Assignee: nobody → coop
Priority: -- → P2
Reporter | ||
Comment 4•9 years ago
|
||
I'm happy with even distribution. Thanks coop for taking this on!
Assignee | ||
Comment 5•9 years ago
|
||
As a first step, I've disabled 30 talos-linux*-ix slaves to see whether we miss the capacity tomorrow before we go throught he process of re-imaging them all: * talos-linux32-ix-0[46-55] * talos-linux64-ix-[100-119] cc-ing buildduty so they're aware.
Assignee | ||
Updated•9 years ago
|
Blocks: talos-linux64-ix-102
Assignee | ||
Updated•9 years ago
|
Blocks: talos-linux64-ix-104
Assignee | ||
Updated•9 years ago
|
Blocks: talos-linux64-ix-106
Assignee | ||
Updated•9 years ago
|
Blocks: talos-linux64-ix-107
Assignee | ||
Updated•9 years ago
|
Blocks: talos-linux64-ix-108
Assignee | ||
Updated•9 years ago
|
Blocks: talos-linux64-ix-117
Assignee | ||
Updated•9 years ago
|
Blocks: talos-linux32-ix-049
Assignee | ||
Updated•9 years ago
|
Blocks: talos-linux32-ix-050
Assignee | ||
Updated•9 years ago
|
Blocks: talos-linux32-ix-055
Comment 6•9 years ago
|
||
I was about to suggest that rather than taking a contiguous chunk of working slaves, you instead start by taking the slaves which have been out of service back as far as last July, depending off various "we can't update talos" bugs, when I realized that actually means you can't take *any* of the working ones.

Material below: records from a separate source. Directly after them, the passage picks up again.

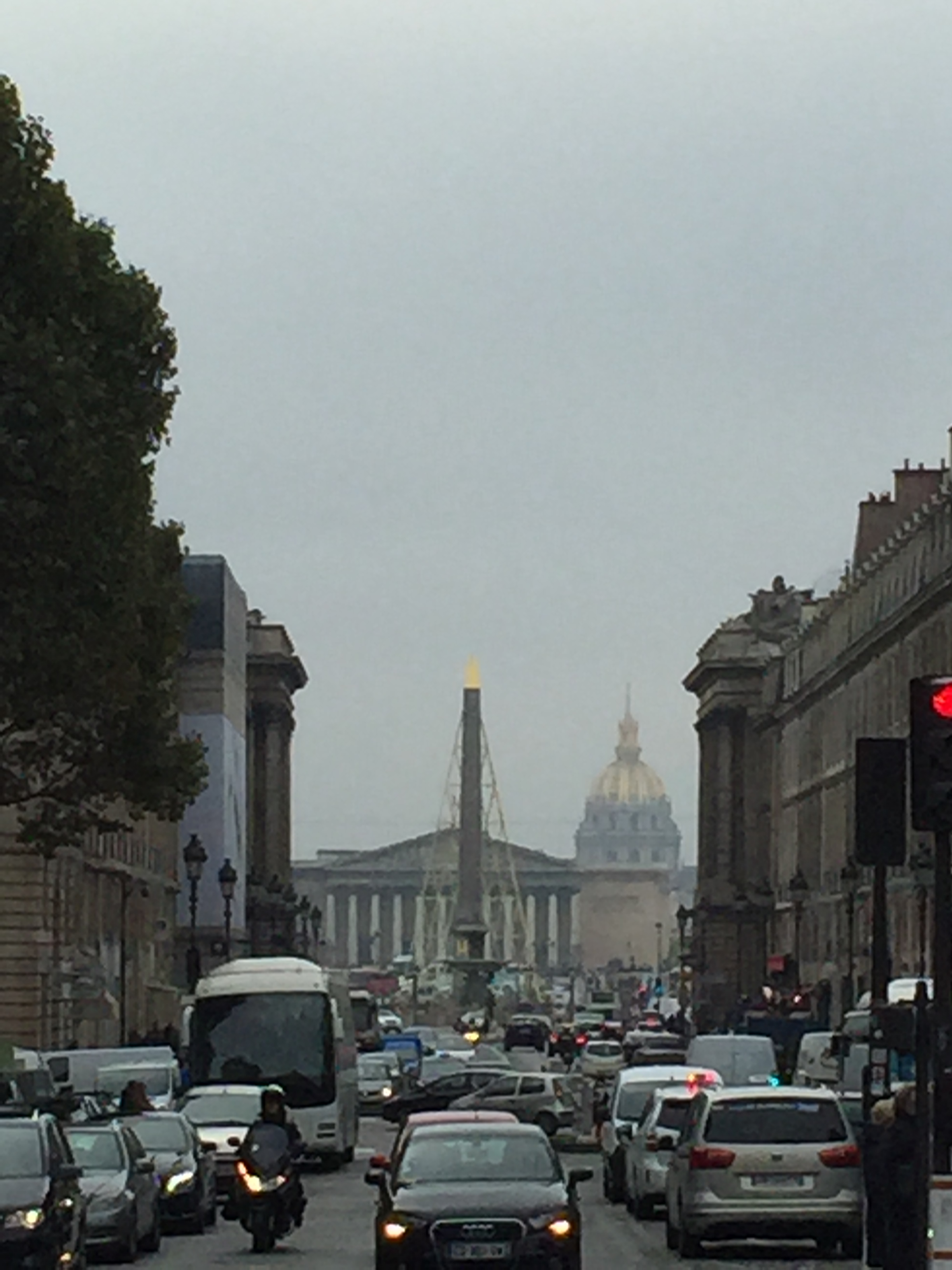 The golden tip of the obelisk from the Temple of Ramses II–sometimes called Cleopatra’s Needle–could be seen even in the fog. We were in Place de la Madeleine looking back toward Place de la Concorde.
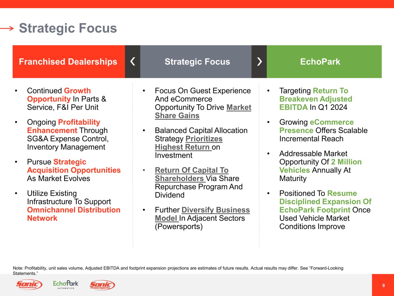 8 ® EchoPark Automotive – A Unique Growth Story Planned Nationwide Distribution Network At Maturity Unique, High Return Potential Business Model Focus On High Quality Pre-Owned Vehicles, In-Store or Online Plan To Reach 90% Of U.S. Population At Maturity Priced Up To $3,000 Below Market With Simplified, Easy Purchase Experience Focus On Pre-Owned Market – 2.5x Larger & More Stable Than New Vehicle Market The New Car Alternative Price. Quality. Experience. Note: Expected U.S. population reach is a projection, actual results may differ. See “Forward-Looking Statements.”
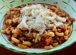 Preheat a stock pot on the stove to high…add olive oil and onions. Saute for a minute or two, getting it good and hot. Add in ground beef and using a wooden spoon or similar, chop up the meat as best you can. Continue cooking the meat until all of the liquid has evaporated and the meat is cooked thru. Add in the garlic and stir to cook. Then add in all your spices, including the salt & pepper, but waiting on the bay leaves. Cook until you really smell all those spices “blooming” in the pan. Then add in your broth or water…diced tomatoes and Marinara sauce. Then add the soy sauce…as Chef John says, don’t be tempted to use Worcestershire sauce…trust me on the soy sauce. Let this mixture bubble away on the stove on medium, for at least 20 minutes if you can.
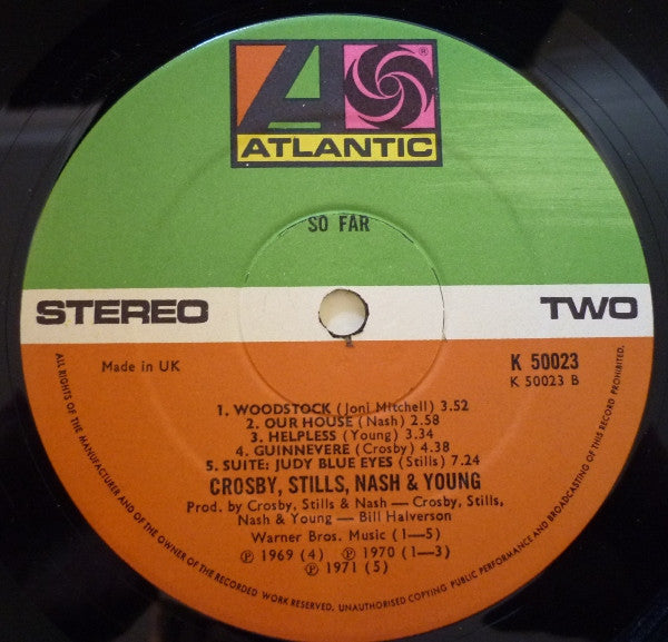 1st Pressing with soft textured embossed cover. No Warner Bros logo on label rim text. Recorded at Wally Heider's 3,Los Angeles, Wally Heider's C, San Francisco , Record Plant, Los Angeles. Compilation of tracks from the self-titled debut from Crosby, Stills & Nash, Déjà Vu by Crosby, Stills, Nash & Young plus the singles Ohio and Find the Cost of Freedom . Runouts are stamped with 'Porky' and 'Pecko' parts etched.
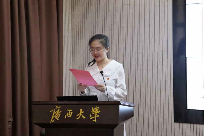 接着,硕士研究生李东芳介绍活动整体方案,鼓励全院同学积极参与到读书活动中来。最后,张欣琪同学向全院同学发出倡议,号召同学们要乐于读书、善于读书,从书籍中获得启发,在实践中检验真知。
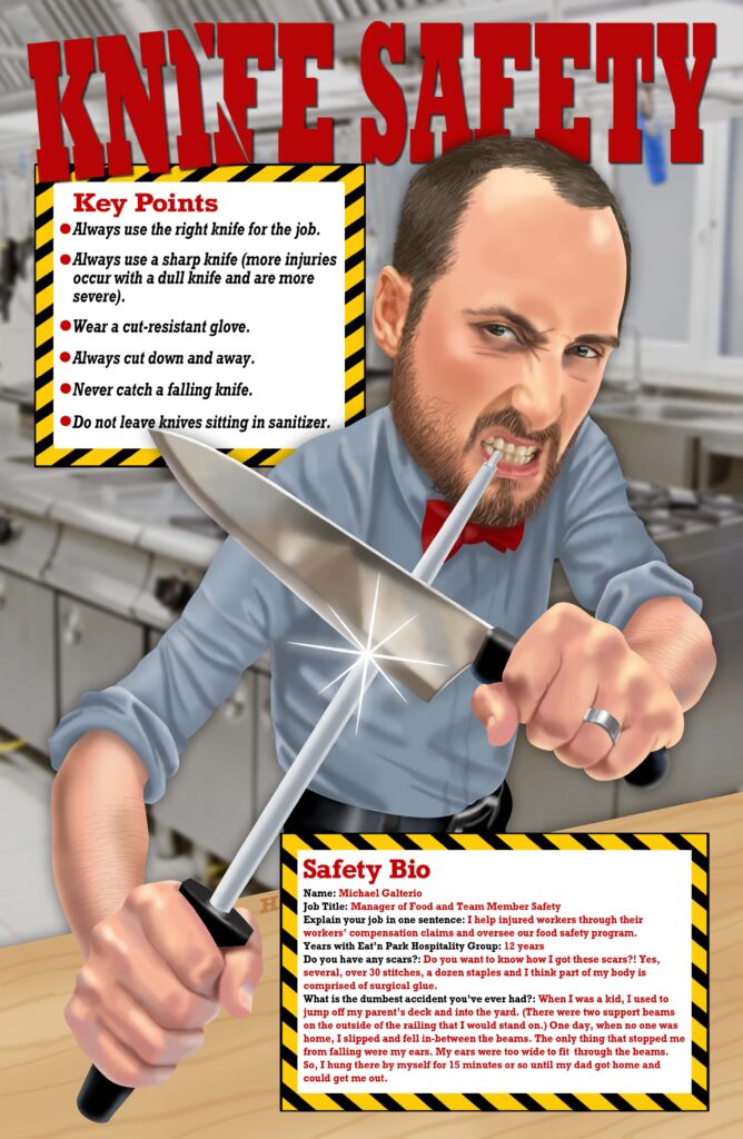 These custom food safety posters are placed in our kitchen environments and feature illustrations of our very own Mike Galterio (pictured) and Erik Schlaich in comic book style. They grab your attention and are memorable compared to standard issue safety posters.
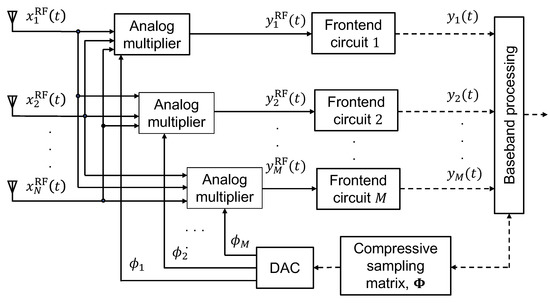 The number of antennas in a massive MIMO system is typically much higher than the number of users or targets. Consequently, the impinging signals can be considered sparse in the spatial (angular) domain. Such sparsity property allows us to design an optimal CMM that projects the array receive signal to a lower-dimensional manifold with no or negligible information loss. In this manner, the array receive signal can be compressed significantly in the analog domain as shown in Figure 2. As a result, the number of front-end circuits in the analog domain and the computation burden in the digital domain can be significantly reduced.
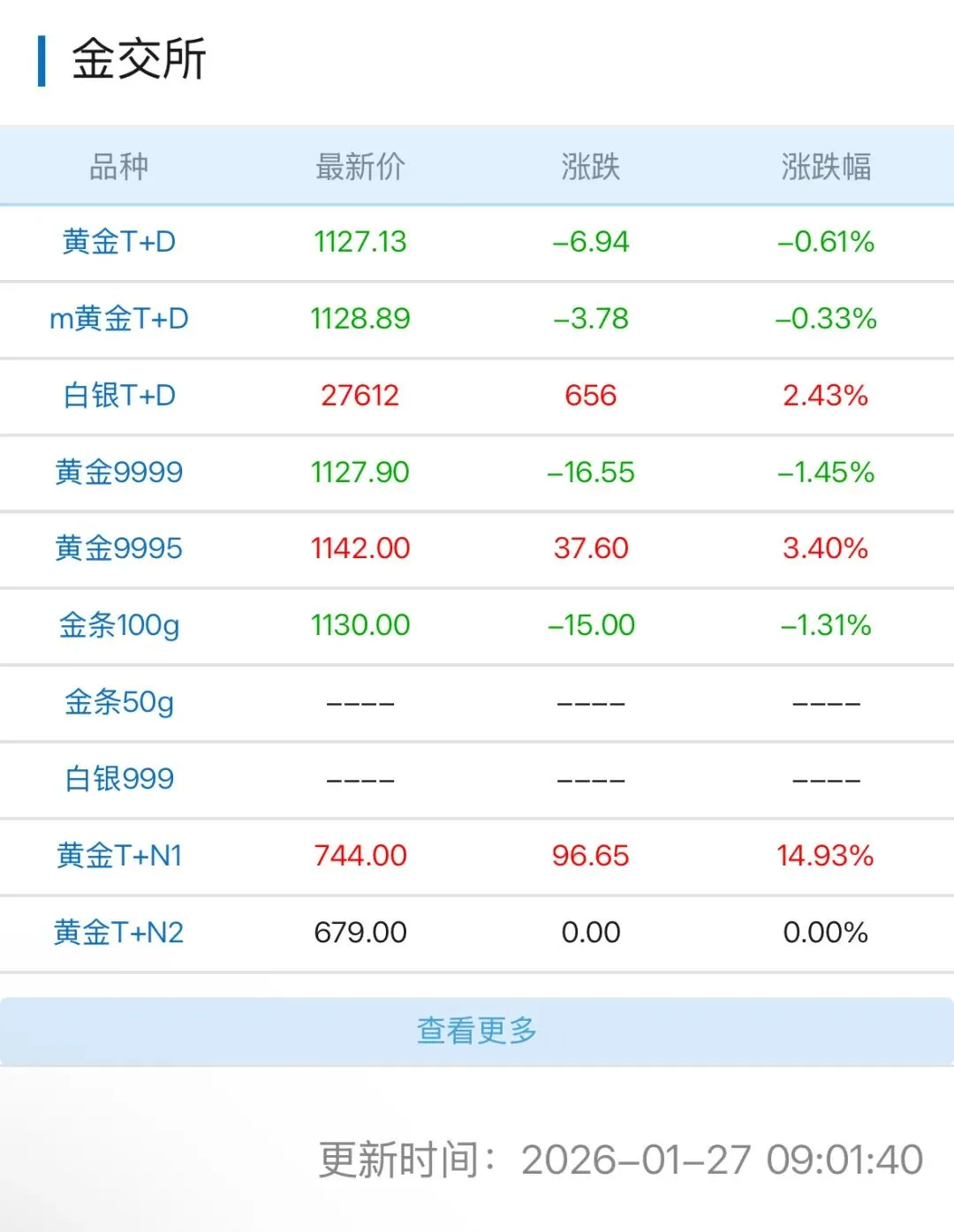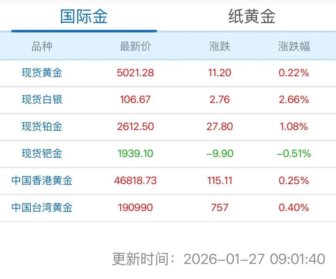 今日金价行情,今日金价查询表( 2026年01月28日)

Because we cannot reimage Linux talos slaves, they are not excess capacity, they are our entire stock of spares. Take the disabled ones, they are useless, but until we can successfully reimage, the working ones are not up for grabs.
Assignee | ||
Comment 7•9 years ago
|
||
(In reply to Phil Ringnalda (:philor) from comment #6) > I was about to suggest that rather than taking a contiguous chunk of working > slaves, you instead start by taking the slaves which have been out of > service back as far as last July, depending off various "we can't update > talos" bugs, when I realized that actually means you can't take *any* of the > working ones. > > Because we cannot reimage Linux talos slaves, they are not excess capacity, > they are our entire stock of spares. Take the disabled ones, they are > useless, but until we can successfully reimage, the working ones are not up > for grabs. I understand, but it's much easier for both releng and DCOps to work with contiguous blocks of machines. I'd also much rather fix bug 1141416 so we can actually re-image these slaves again. Not being able to re-image is untenable long-term. We're currently blocked on a community member who was testing a fix in bug 1112773. If that doesn't come to fruition in the next week, I'll have someone from buildduty test it in staging.
Assignee | ||
Comment 8•9 years ago
|
||
I've already added these machines to slavealloc (disabled), and the various metro|e10s|normal variants to graphserver.
Attachment #8636633 -
Flags: review?(bugspam.Callek)
Assignee | ||
Comment 9•9 years ago
|
||
Amy: I'm going to need a time-slice from a Windows admin to get these added to DNS, added to the correct domains, and configured in our GPO setup. Any estimate on when that could happen? Also, do I need to invoke DCOps here at all, or is Relops be able to handle everything?
Flags: needinfo?(arich)
Comment 10•9 years ago
|
||
I don't think there's anything you specifically need a windows admin for. This is all dcops (switching VLANs) and anyone with access to inventory. I believe all of the installation and configuration stuff should just magically happen once they have the right information in inventory and are netbooted. I can do the latter bit. It looks like you've designated 10 for each pool, correct?
Flags: needinfo?(arich)
Updated•9 years ago
|
Attachment #8636633 -
Flags: review?(bugspam.Callek) → review+
Comment 11•9 years ago
|
||
Inventory and nagios changes made. I've opened bug 1186137 for dcops to change the vlan.
Depends on: 1186137
Assignee | ||
Comment 12•9 years ago
|
||
(In reply to Amy Rich [:arr] [:arich] from comment #11) > Inventory and nagios changes made. I've opened bug 1186137 for dcops to > change the vlan. Thanks, Amy.
Comment 13•9 years ago
|
||
There's an issue with the w7 and w8 machines, but most of the xp machines appear to be up (not 164). Can you take a look at them and verify that they pass snuff?
Assignee | ||
Comment 14•9 years ago
|
||
In production: https://hg.mozilla.org/build/buildbot-configs/rev/b166a5cdbcc2
Comment 15•9 years ago
|
||
Coop, the rest of these have finished installing. If you could give them a look to see if they're good to go...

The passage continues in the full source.